Information →

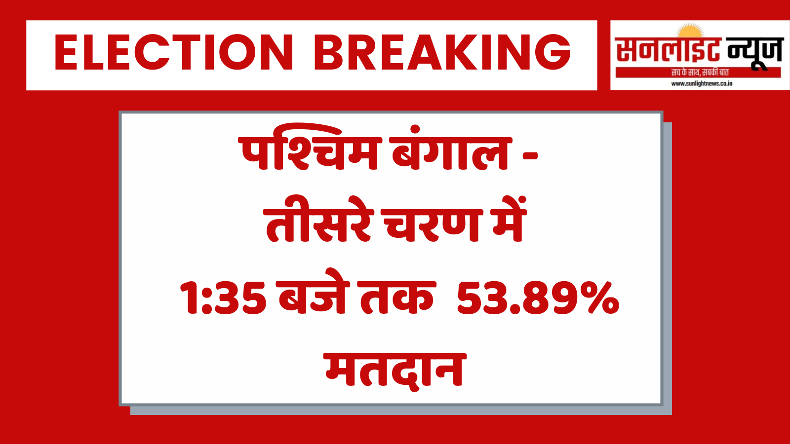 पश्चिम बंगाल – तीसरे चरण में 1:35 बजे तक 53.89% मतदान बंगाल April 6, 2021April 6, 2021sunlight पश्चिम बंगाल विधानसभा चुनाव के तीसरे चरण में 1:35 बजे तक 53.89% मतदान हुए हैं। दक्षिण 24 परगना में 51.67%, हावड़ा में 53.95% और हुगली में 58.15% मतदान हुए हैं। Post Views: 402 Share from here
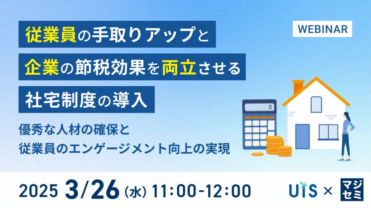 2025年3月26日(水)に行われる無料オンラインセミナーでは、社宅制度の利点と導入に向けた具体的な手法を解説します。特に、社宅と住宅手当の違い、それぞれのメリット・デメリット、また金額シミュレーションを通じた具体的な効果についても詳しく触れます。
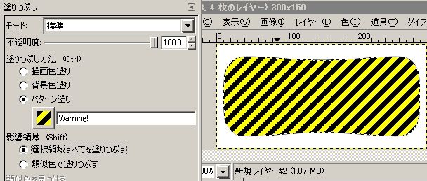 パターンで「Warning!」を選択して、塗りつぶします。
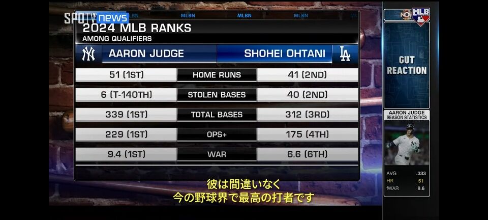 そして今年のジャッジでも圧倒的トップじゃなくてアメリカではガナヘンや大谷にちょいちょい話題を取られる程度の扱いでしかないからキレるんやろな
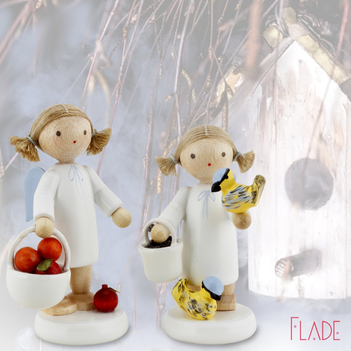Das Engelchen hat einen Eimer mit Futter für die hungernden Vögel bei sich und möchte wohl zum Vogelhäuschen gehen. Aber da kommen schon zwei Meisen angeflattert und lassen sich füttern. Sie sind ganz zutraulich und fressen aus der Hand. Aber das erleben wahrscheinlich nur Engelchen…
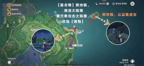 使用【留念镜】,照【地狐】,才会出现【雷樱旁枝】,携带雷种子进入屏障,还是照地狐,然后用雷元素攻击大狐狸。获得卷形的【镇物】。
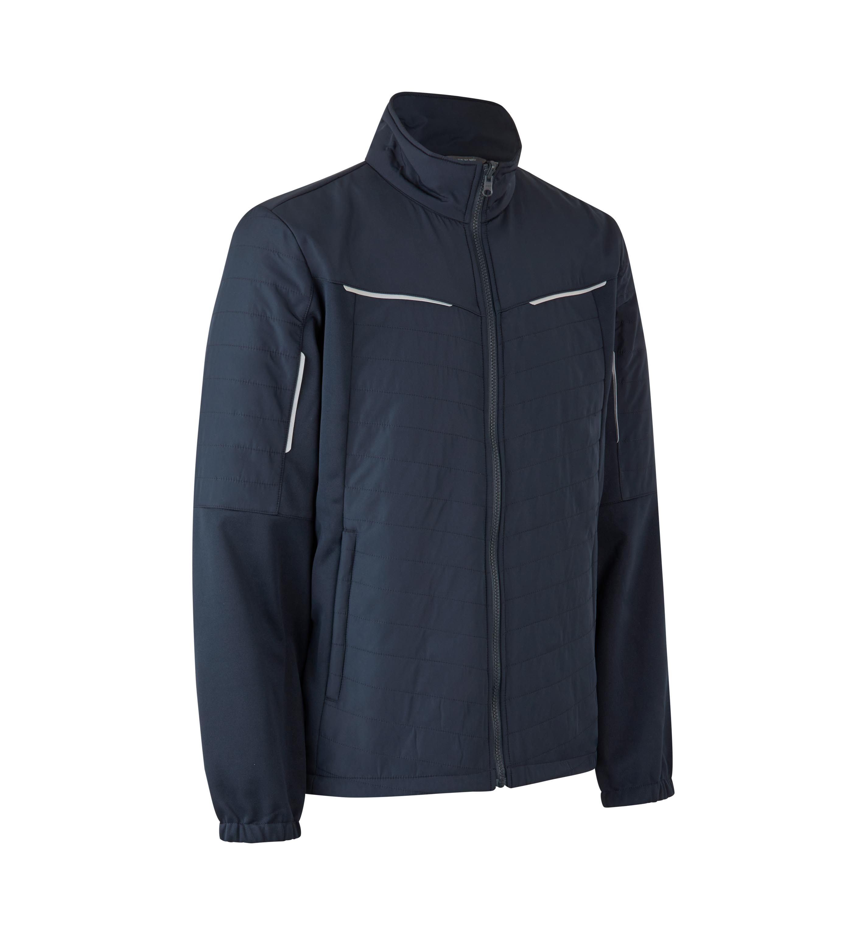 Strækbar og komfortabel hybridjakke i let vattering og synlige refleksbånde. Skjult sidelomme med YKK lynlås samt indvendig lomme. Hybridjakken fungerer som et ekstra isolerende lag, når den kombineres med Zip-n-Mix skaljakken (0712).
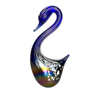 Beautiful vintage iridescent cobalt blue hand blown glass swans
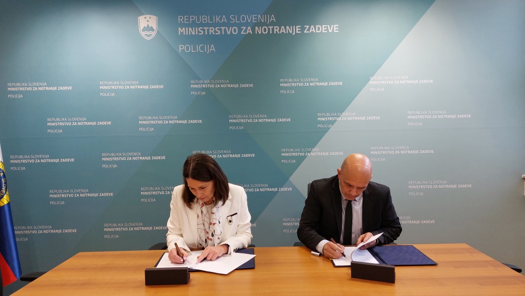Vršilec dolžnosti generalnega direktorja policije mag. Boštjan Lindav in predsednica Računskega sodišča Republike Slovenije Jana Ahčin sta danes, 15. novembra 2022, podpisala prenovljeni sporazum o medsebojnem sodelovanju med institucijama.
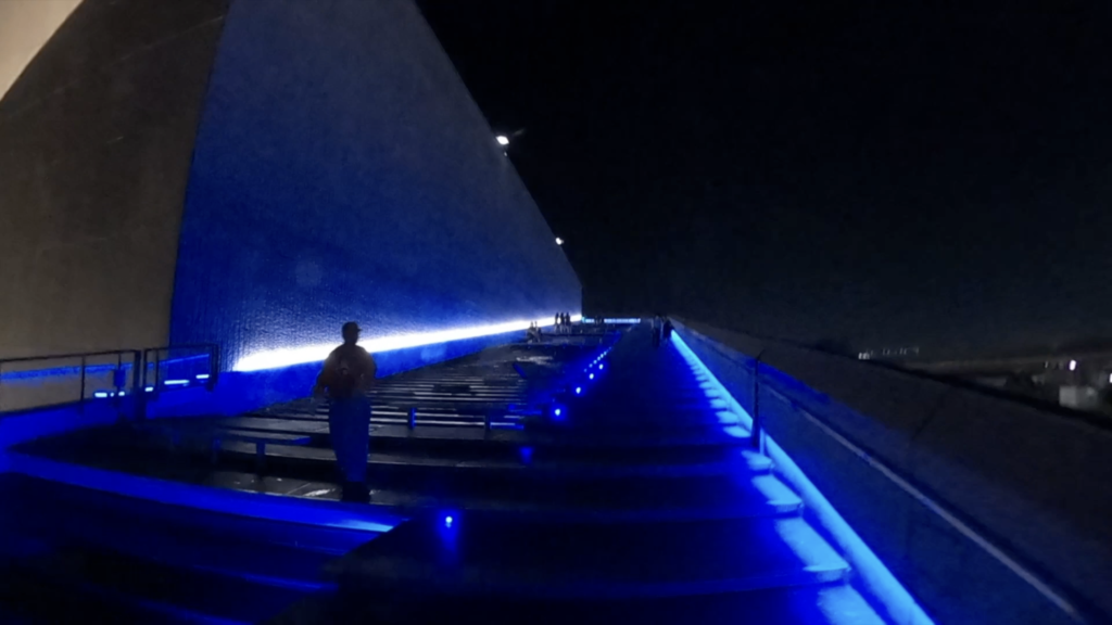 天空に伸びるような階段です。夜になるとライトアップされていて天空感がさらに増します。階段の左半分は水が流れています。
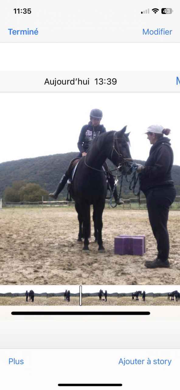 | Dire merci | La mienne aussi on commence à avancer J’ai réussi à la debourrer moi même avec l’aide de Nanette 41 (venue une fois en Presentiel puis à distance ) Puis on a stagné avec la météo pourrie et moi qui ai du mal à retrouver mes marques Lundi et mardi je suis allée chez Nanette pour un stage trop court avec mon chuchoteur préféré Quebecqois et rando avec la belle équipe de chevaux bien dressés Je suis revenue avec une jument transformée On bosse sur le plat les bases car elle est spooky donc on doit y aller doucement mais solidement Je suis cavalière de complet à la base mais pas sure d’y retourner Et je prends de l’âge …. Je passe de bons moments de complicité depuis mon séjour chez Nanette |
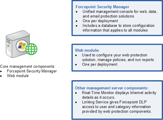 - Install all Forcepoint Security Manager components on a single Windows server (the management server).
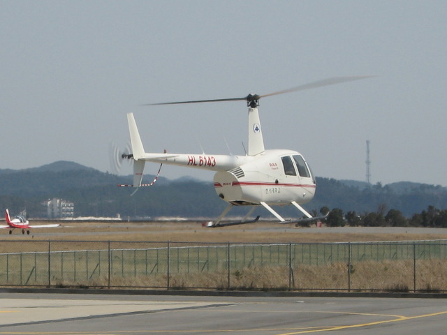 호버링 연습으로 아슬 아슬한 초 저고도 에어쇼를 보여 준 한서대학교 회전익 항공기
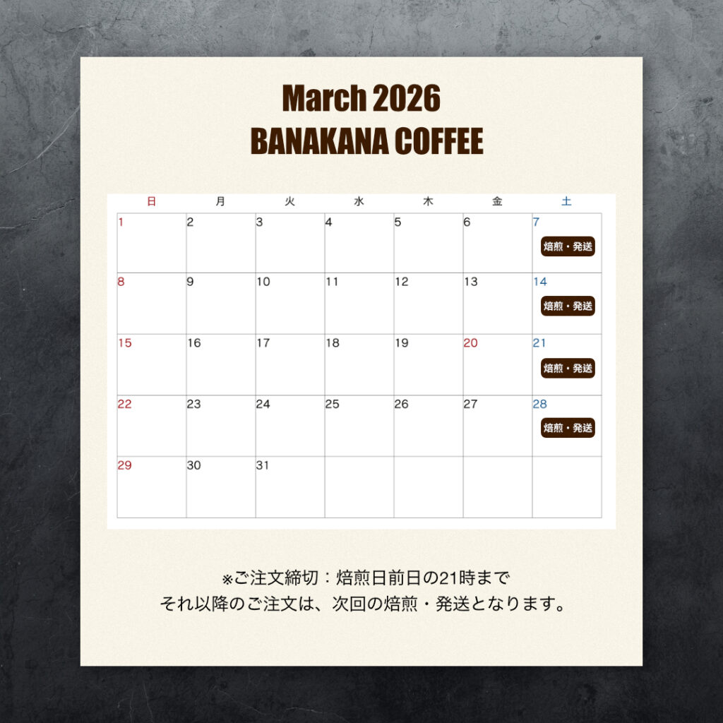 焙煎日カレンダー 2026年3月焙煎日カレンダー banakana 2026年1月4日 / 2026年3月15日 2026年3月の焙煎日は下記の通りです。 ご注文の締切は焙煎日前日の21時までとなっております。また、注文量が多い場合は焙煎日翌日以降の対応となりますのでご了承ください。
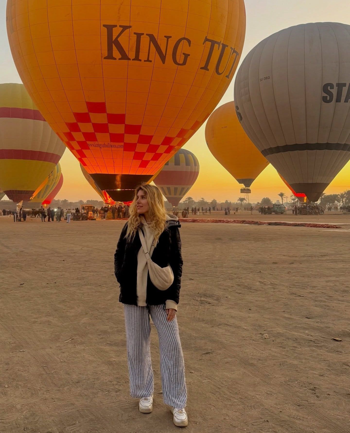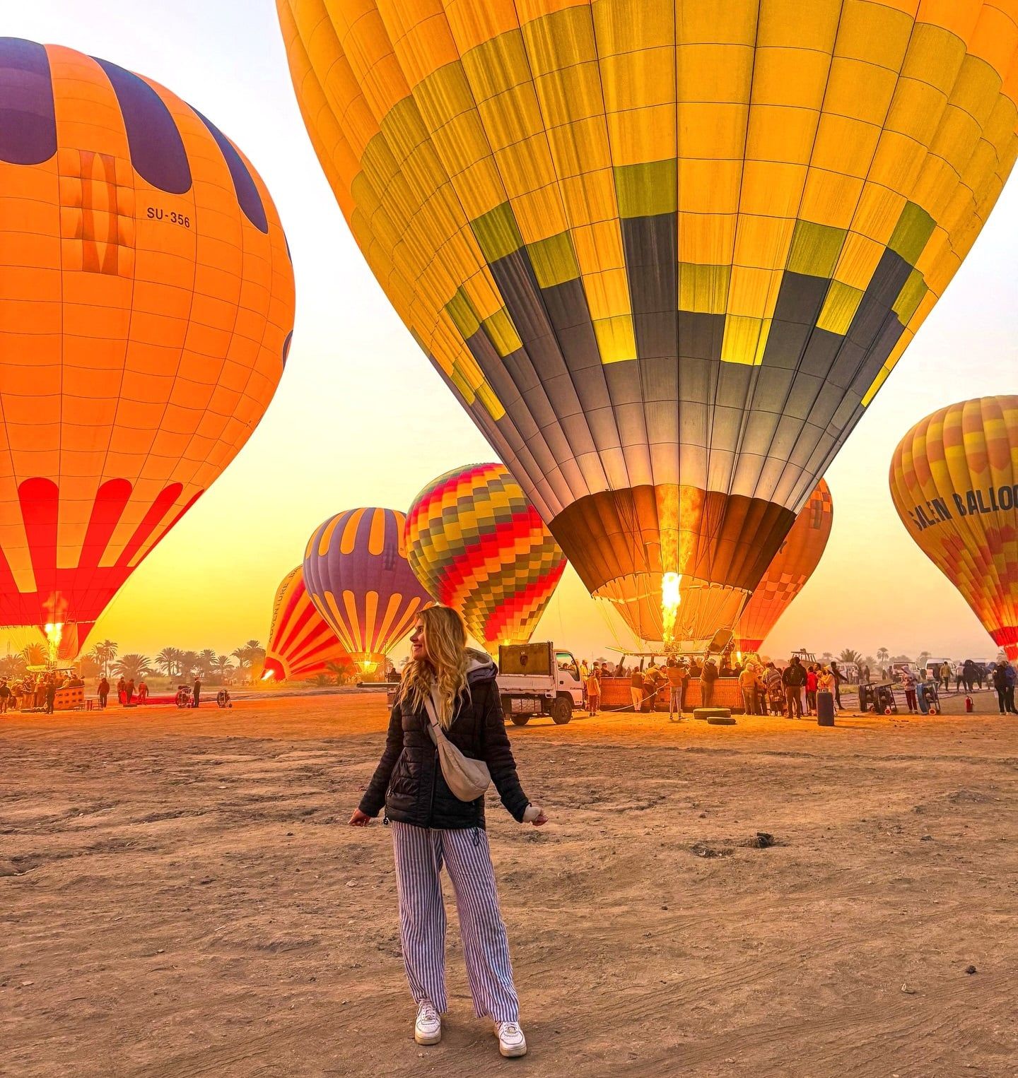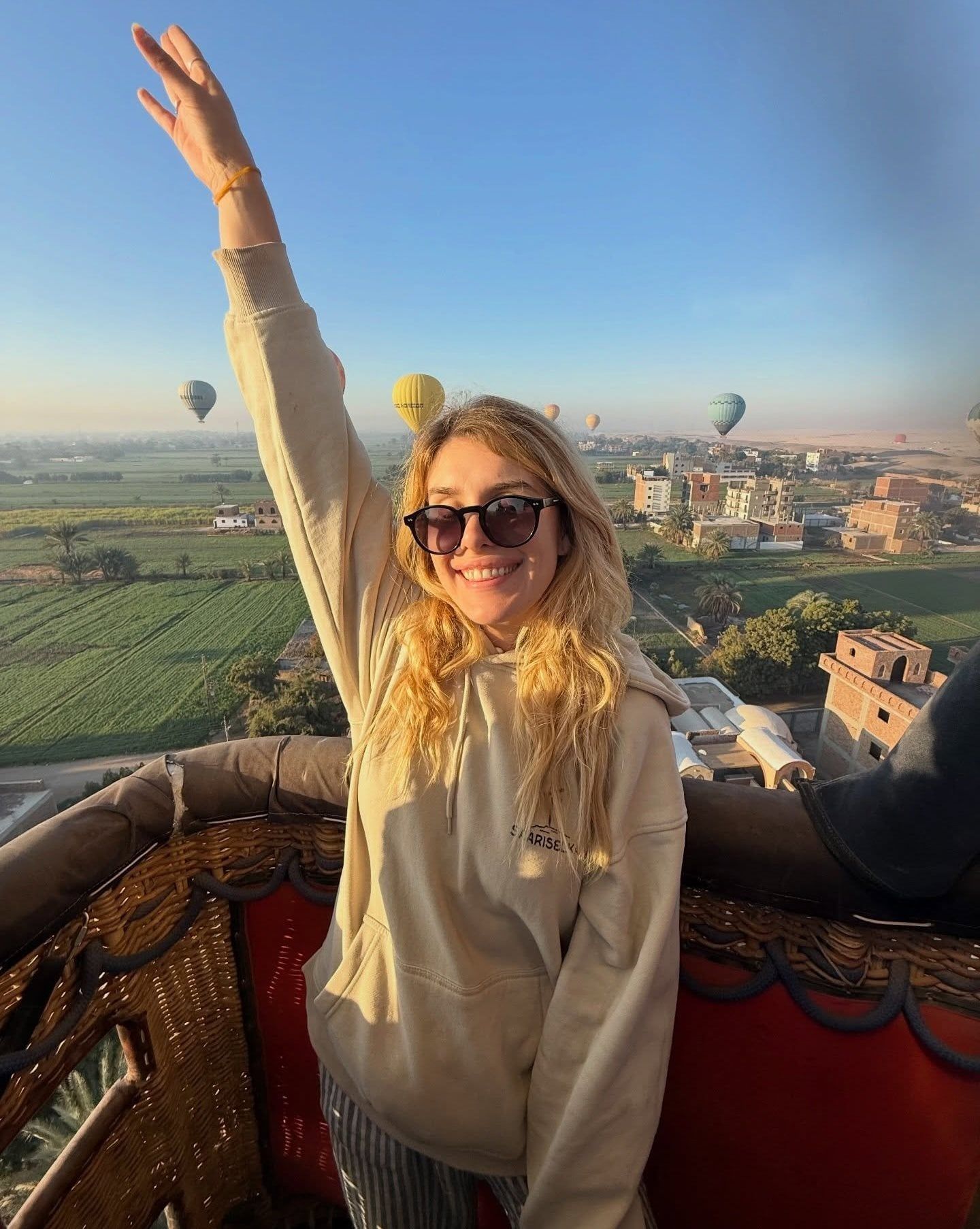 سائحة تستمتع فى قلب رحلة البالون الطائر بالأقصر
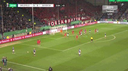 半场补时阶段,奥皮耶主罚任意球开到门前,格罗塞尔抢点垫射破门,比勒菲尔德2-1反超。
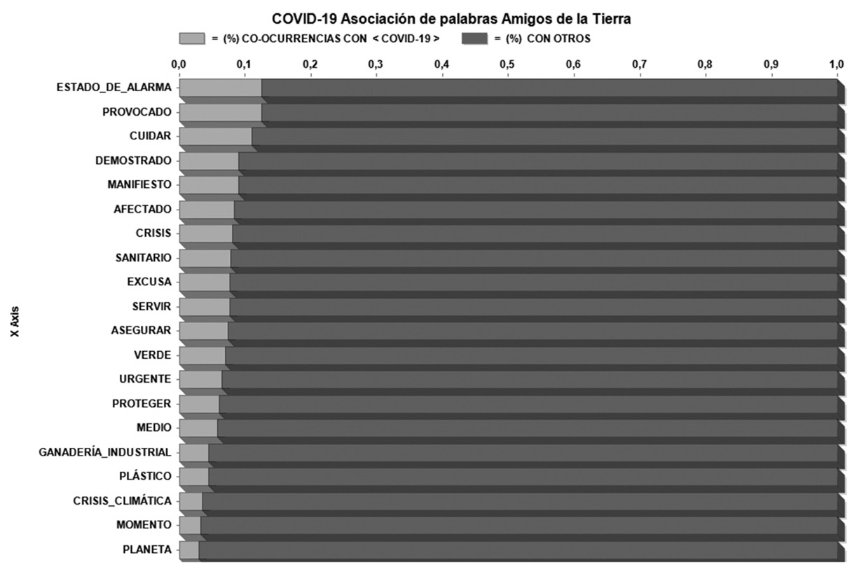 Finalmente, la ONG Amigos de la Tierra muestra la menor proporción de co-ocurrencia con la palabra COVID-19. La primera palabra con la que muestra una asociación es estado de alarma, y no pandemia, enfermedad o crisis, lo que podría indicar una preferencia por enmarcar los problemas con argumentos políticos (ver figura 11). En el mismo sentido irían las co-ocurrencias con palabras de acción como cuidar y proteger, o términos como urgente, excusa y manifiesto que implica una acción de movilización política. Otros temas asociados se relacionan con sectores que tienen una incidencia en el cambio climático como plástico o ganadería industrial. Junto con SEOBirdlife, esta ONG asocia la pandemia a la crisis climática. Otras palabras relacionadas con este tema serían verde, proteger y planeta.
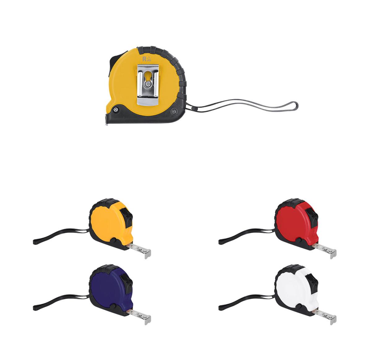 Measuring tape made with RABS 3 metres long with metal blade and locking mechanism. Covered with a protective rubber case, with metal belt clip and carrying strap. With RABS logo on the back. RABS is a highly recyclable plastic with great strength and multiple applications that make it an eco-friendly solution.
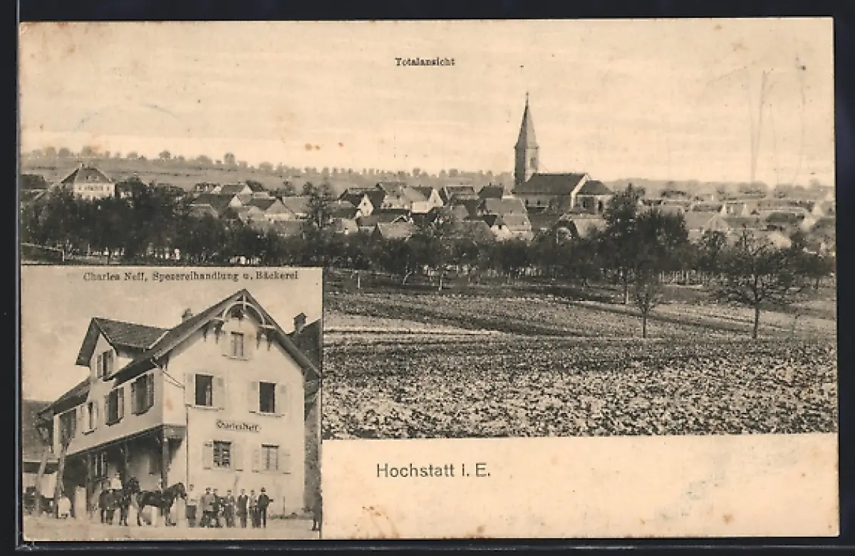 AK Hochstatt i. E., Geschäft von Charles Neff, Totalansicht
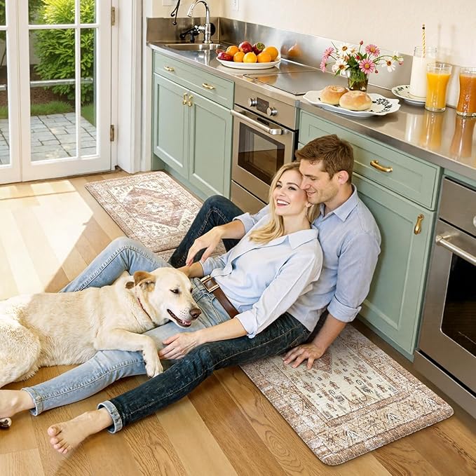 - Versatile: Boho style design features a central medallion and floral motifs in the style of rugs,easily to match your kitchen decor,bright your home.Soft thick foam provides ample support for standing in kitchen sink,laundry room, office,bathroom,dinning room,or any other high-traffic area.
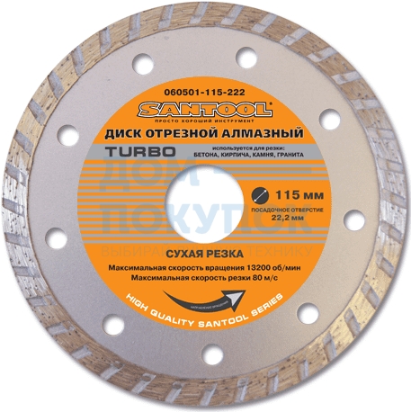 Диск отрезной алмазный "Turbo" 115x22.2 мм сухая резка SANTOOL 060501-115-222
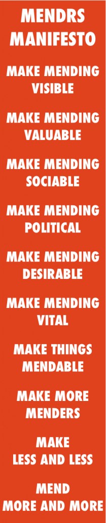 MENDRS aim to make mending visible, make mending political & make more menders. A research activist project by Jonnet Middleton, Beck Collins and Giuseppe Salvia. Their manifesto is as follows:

What you should do → Please copy the lines above exactly, starting at the line that holds "Vršilec dolžnosti generalnega" and ending at the line that holds "سائحة تستمتع فى"; include both, but no pictures.

Output for this exercise →
Vršilec dolžnosti generalnega direktorja policije mag. Boštjan Lindav in predsednica Računskega sodišča Republike Slovenije Jana Ahčin sta danes, 15. novembra 2022, podpisala prenovljeni sporazum o medsebojnem sodelovanju med institucijama.
 天空に伸びるような階段です。夜になるとライトアップされていて天空感がさらに増します。階段の左半分は水が流れています。
 | Dire merci | La mienne aussi on commence à avancer J’ai réussi à la debourrer moi même avec l’aide de Nanette 41 (venue une fois en Presentiel puis à distance ) Puis on a stagné avec la météo pourrie et moi qui ai du mal à retrouver mes marques Lundi et mardi je suis allée chez Nanette pour un stage trop court avec mon chuchoteur préféré Quebecqois et rando avec la belle équipe de chevaux bien dressés Je suis revenue avec une jument transformée On bosse sur le plat les bases car elle est spooky donc on doit y aller doucement mais solidement Je suis cavalière de complet à la base mais pas sure d’y retourner Et je prends de l’âge …. Je passe de bons moments de complicité depuis mon séjour chez Nanette |
 - Install all Forcepoint Security Manager components on a single Windows server (the management server).
 호버링 연습으로 아슬 아슬한 초 저고도 에어쇼를 보여 준 한서대학교 회전익 항공기
 焙煎日カレンダー 2026年3月焙煎日カレンダー banakana 2026年1月4日 / 2026年3月15日 2026年3月の焙煎日は下記の通りです。 ご注文の締切は焙煎日前日の21時までとなっております。また、注文量が多い場合は焙煎日翌日以降の対応となりますのでご了承ください。
 سائحة تستمتع فى قلب رحلة البالون الطائر بالأقصر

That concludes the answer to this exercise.